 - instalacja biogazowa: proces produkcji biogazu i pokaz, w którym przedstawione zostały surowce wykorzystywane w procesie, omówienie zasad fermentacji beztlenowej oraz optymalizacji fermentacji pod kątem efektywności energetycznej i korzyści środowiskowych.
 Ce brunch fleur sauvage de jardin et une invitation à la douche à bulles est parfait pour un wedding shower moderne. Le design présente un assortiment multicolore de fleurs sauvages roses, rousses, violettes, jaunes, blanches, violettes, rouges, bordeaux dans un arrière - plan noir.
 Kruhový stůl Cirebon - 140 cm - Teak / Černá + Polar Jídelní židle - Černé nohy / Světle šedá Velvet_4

·····

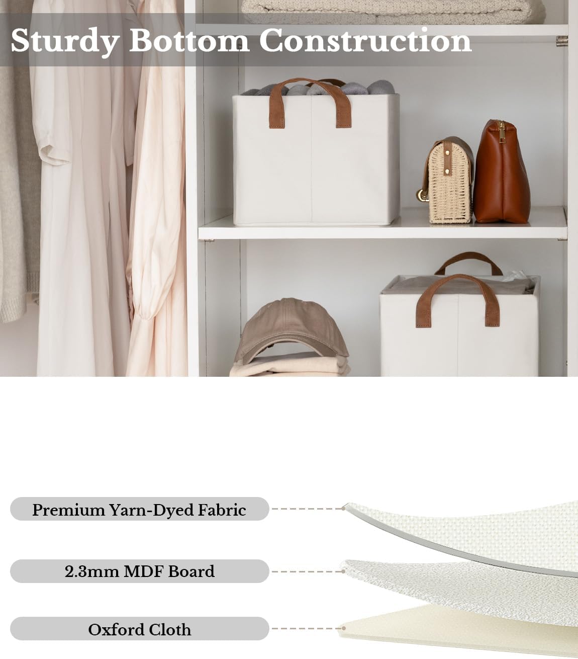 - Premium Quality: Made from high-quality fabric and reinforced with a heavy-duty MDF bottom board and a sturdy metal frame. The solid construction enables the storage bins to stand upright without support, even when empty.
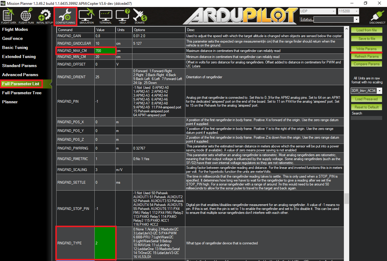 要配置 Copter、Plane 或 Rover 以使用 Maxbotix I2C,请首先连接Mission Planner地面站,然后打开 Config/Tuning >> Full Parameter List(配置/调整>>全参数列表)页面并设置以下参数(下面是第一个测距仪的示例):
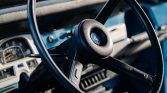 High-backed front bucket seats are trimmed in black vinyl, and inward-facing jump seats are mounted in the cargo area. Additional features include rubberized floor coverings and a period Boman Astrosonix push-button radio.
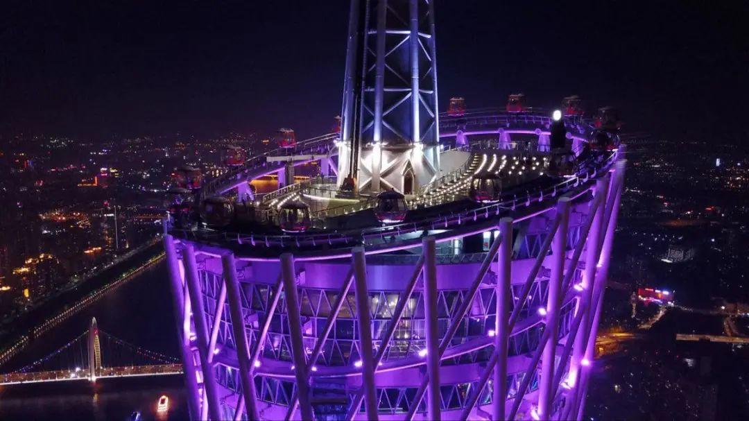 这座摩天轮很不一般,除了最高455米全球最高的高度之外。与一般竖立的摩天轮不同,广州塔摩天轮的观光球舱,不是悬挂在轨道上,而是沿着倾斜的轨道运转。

·····

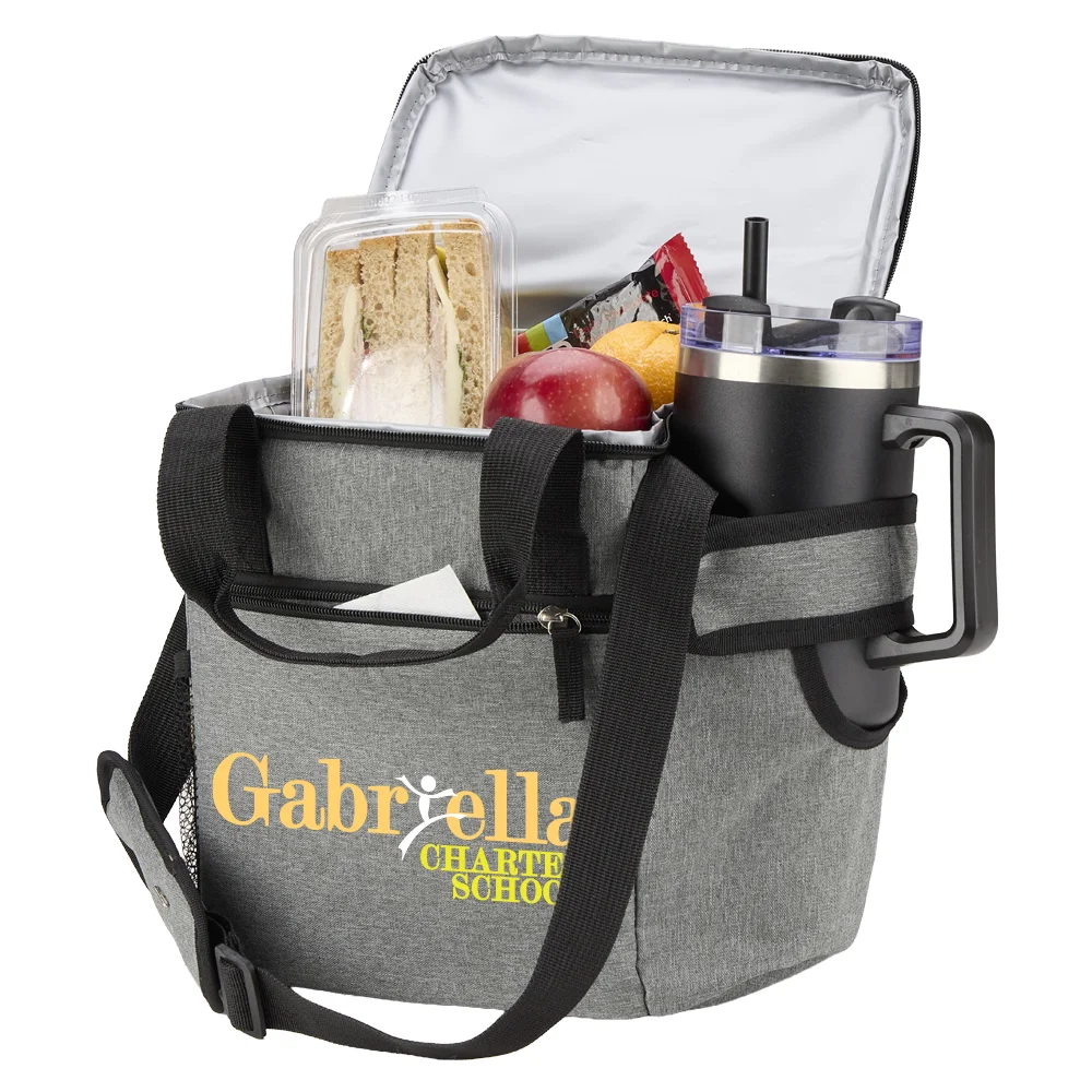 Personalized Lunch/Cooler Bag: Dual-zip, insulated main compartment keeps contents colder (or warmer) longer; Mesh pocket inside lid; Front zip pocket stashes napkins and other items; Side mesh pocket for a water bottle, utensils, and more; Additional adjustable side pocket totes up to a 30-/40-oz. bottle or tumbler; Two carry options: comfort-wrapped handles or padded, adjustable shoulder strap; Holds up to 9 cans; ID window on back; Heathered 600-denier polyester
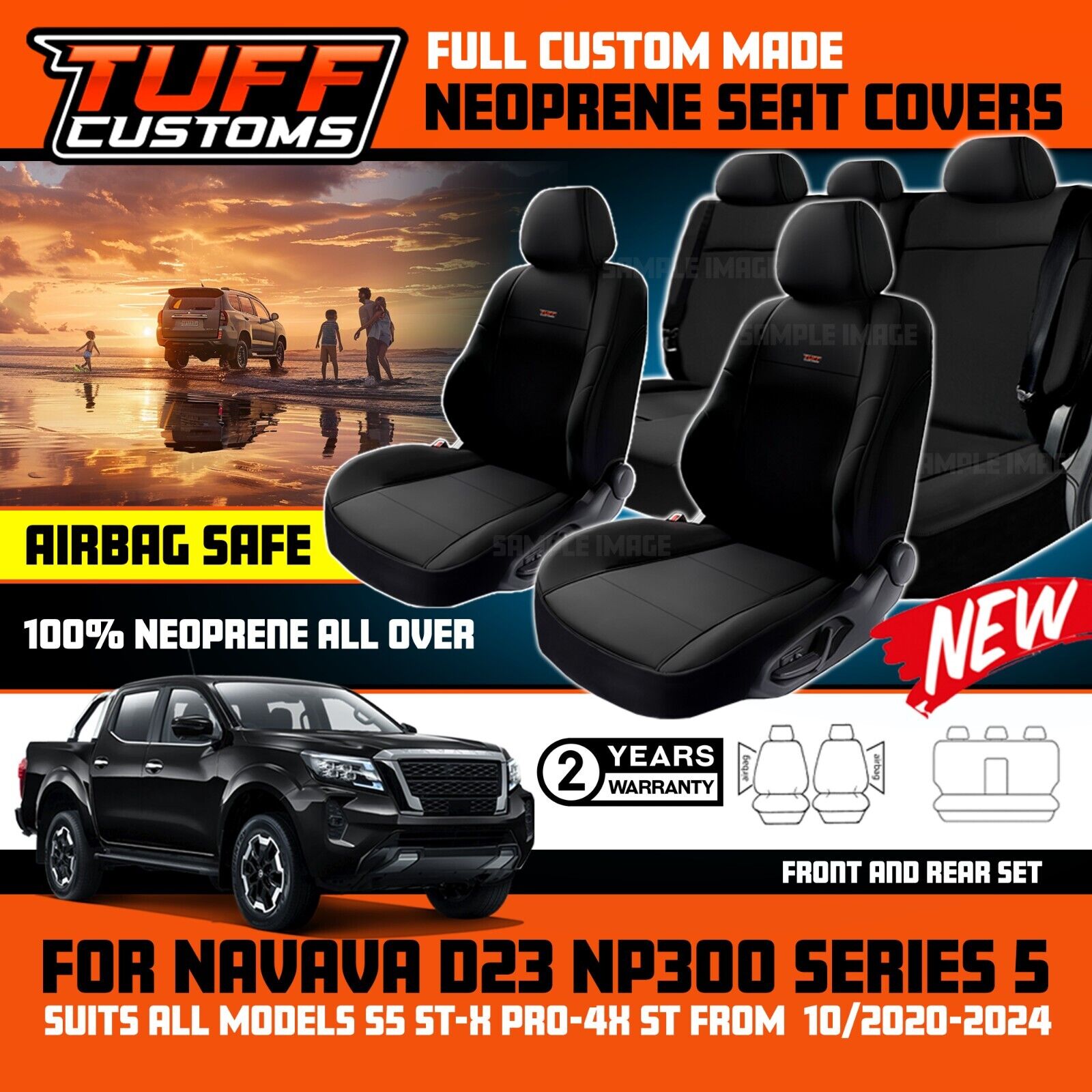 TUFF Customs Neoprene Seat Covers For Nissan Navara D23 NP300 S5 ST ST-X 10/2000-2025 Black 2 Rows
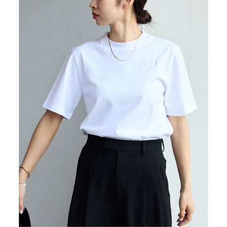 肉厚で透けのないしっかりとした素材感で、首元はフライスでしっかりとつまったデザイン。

·····

What the task requires:
Print exactly the lines above that run from the one with "TUFF Customs Neoprene" down to the one with "肉厚で透けのないしっかりとし", and omit the pictures.

Task output:
 TUFF Customs Neoprene Seat Covers For Nissan Navara D23 NP300 S5 ST ST-X 10/2000-2025 Black 2 Rows
 肉厚で透けのないしっかりとした素材感で、首元はフライスでしっかりとつまったデザイン。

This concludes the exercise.